6. Then the event creator (17 and 16) was executed again:
2021-11-29T21:46:57.4226179Z | CREATED | EVENTS | Random events: 17
…
2021-11-29T21:47:01.4008672Z | CREATED | EVENTS | Random events: 16

7. Then the subscriber was started again, catching up:
2021-11-29T21:47:26.2142101Z | STARTED | CLISUB | Poor Man's Kafka
2021-11-29T21:47:26.2575274Z | VERBOSE | RECV   | Topic: foobar (bytes: 0000012287)
2021-11-29T21:47:26.3647421Z | VERBOSE | RECV   | Topic: foobar (bytes: 0000012804)
…
2021-11-29T21:47:26.2494125Z | VERBOSE | RECV   | (15,32,[|0uy; …; 114uy|])
2021-11-29T21:47:26.2535665Z | VERBOSE | SEND   | Topic: foobar (bytes: 0000012287)
2021-11-29T21:47:26.2546217Z | VERBOSE | SEND   | Topic: foobar (bytes: 0000012804)

8. Then the event creator (15 and 9) was executed again:
2021-11-29T21:47:38.5005655Z | CREATED | EVENTS | Random events: 15
…
2021-11-29T21:47:42.4589979Z | CREATED | EVENTS | Random events: 9


### Conclusion

It’s worth mentioning that this code has been produced over the weekend (at most 72 hours) when I noticed (the deadline) that I had committed to write this blog post for the first of December.
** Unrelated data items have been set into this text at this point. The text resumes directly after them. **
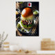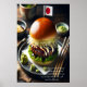 Erleben Sie Tokio mit diesem exquisiten japanischen Teriyaki Burger. Eine Premium Waggyu Rindfleischpartie, glasiert mit einer reichen und herzhaften Teriyaki-Sauce, wird mit einer delikaten Wespabi-Mayo, knusprigen, zerkleinerten Kohl, und alles eingebettet in eine weiche, geröstete Reismehlbun. Eine kleine japanische Fahne fügt eine elegante Touch hinzu, während die Chopsticks neben dem Teller die Erholung bilden und dieses kulinarische Meisterwerk ergänzen.
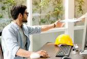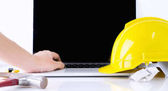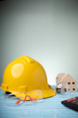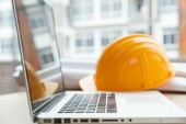 Żółta Czapka inżyniera, okulary są umieszczane na biurku z komputerem w pokoju w pobliżu okien szklanych, a także pokazać tło zielonego ogrodu lub podwórku domu lub biura.
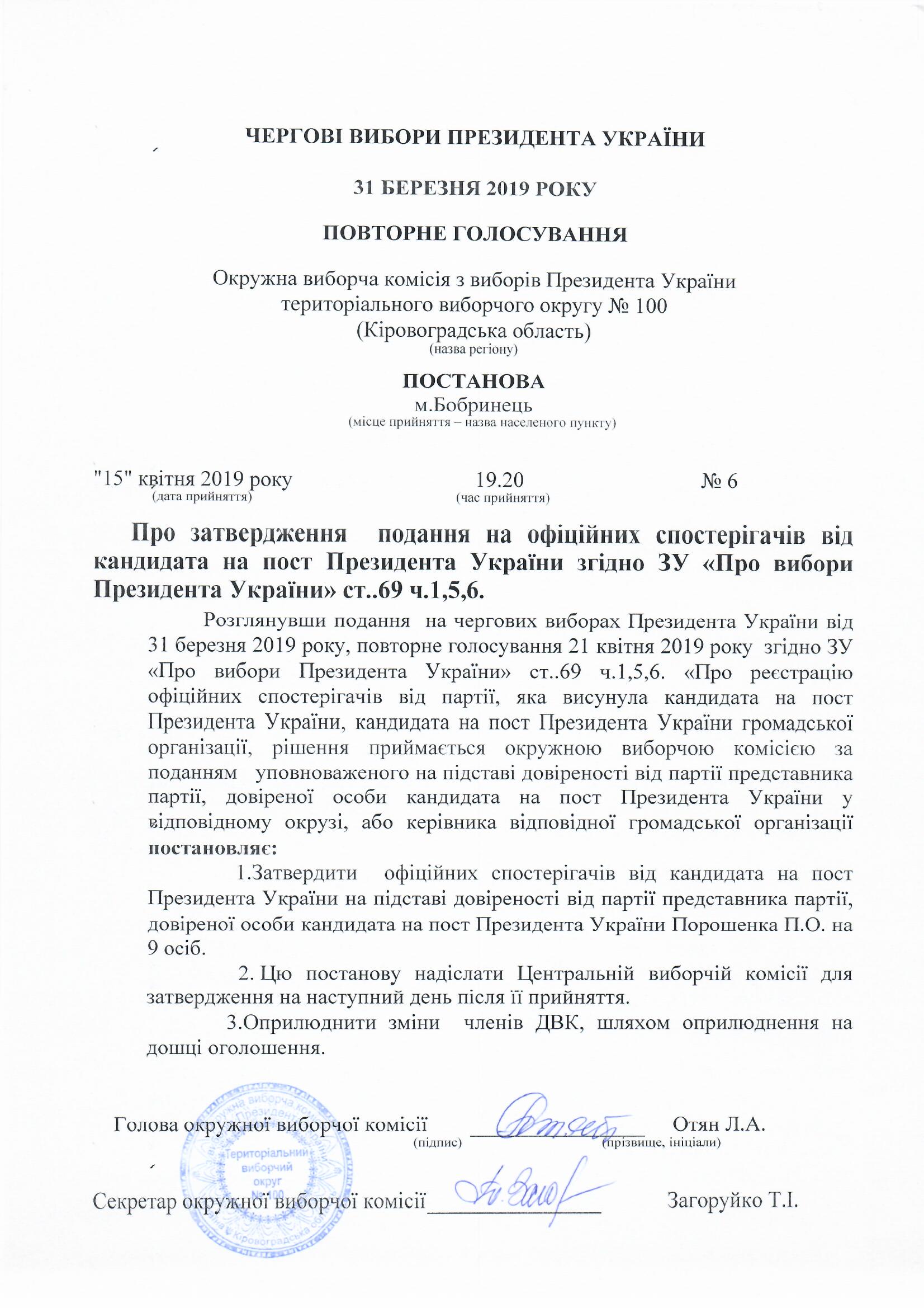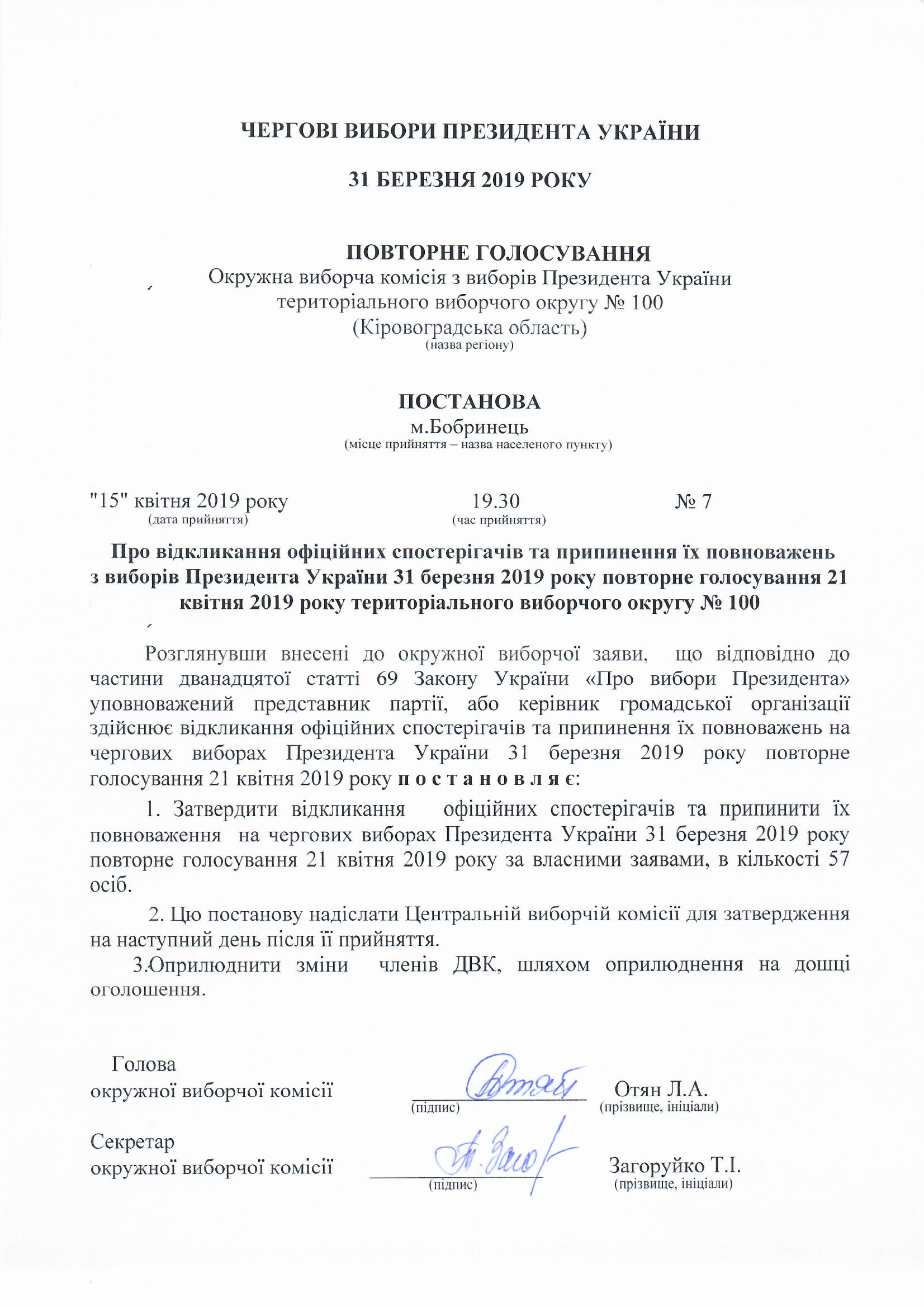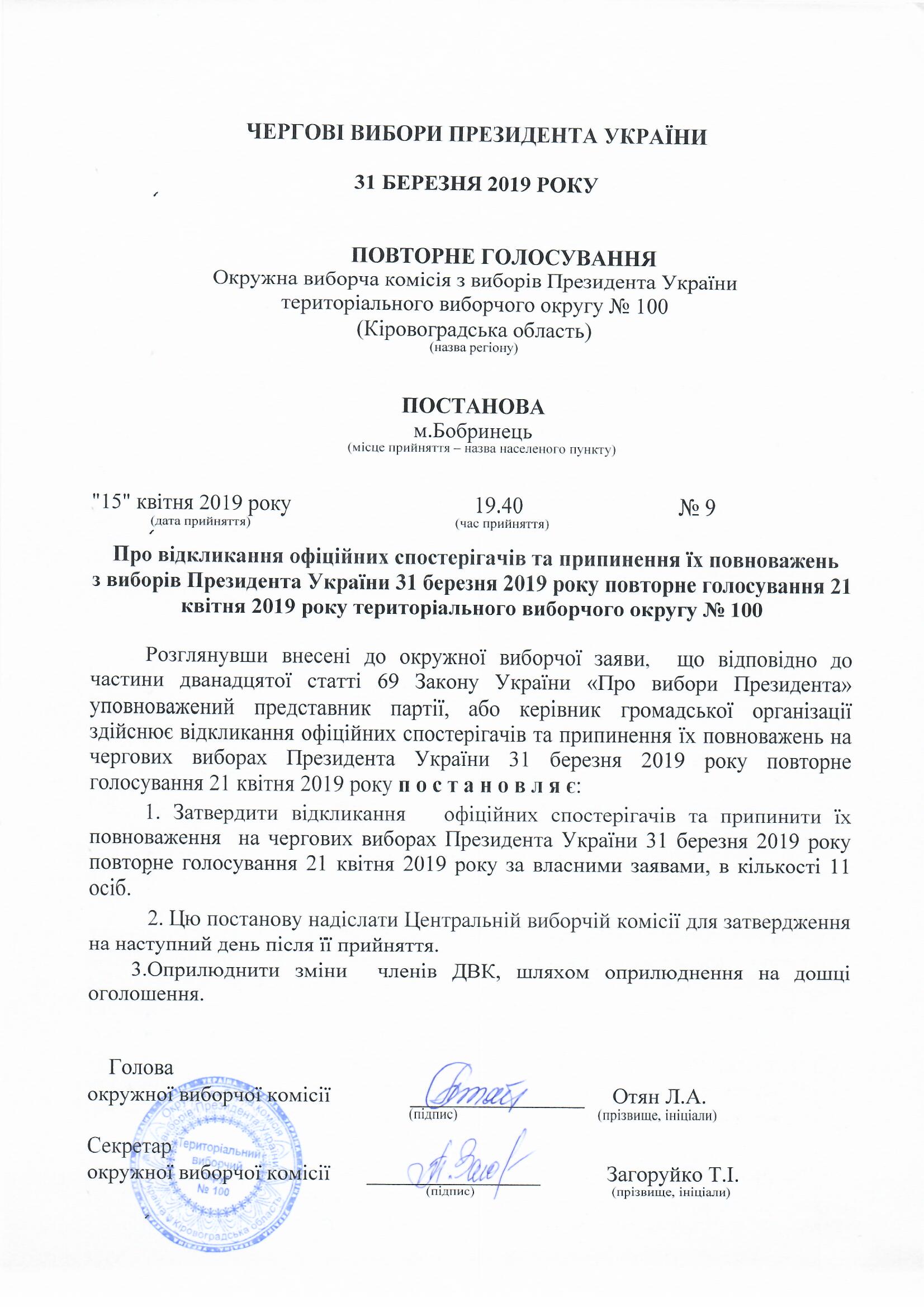 Про відкликання офіційних спостерігачів та припинення їх повноважень з виборів Президента України 31 березня 2019 року повторне голосування 21 квітня 2019 року територіального виборчого округу №100 |

It’s also worth mentioning, that the last many years, I haven’t been able to make FsAutoComplete work for emacs on neither of my *nix boxes and now on my macOS. So I have actually written all this code without any intellisense. Just so win people understand, it’s like starting notepad.exe and just typing code in it 😅.
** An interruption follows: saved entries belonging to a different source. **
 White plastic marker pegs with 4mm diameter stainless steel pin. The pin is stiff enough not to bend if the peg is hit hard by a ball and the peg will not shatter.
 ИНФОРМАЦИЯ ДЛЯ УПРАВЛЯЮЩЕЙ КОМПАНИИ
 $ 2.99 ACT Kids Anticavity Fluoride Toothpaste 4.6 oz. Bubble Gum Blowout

Nevertheless, if we recall the key elements of Apache Kafka:

• Service bus using stream-processing
• High-throughput, low-latency platform for handling real-time data feeds
• Uses a binary TCP-based protocol that is optimized for efficiency
• Groups messages together to reduce the overhead of the network roundtrip
• Larger: network packets, sequential disk operations & contiguous memory blocks

It should be clear to see that the mentioned key elements, are all part of this implementation, even though it might not be production ready.

Finally, I hope you have enjoyed the reading of this blog post. I guess the last thing to say is: Felices fiestas !!!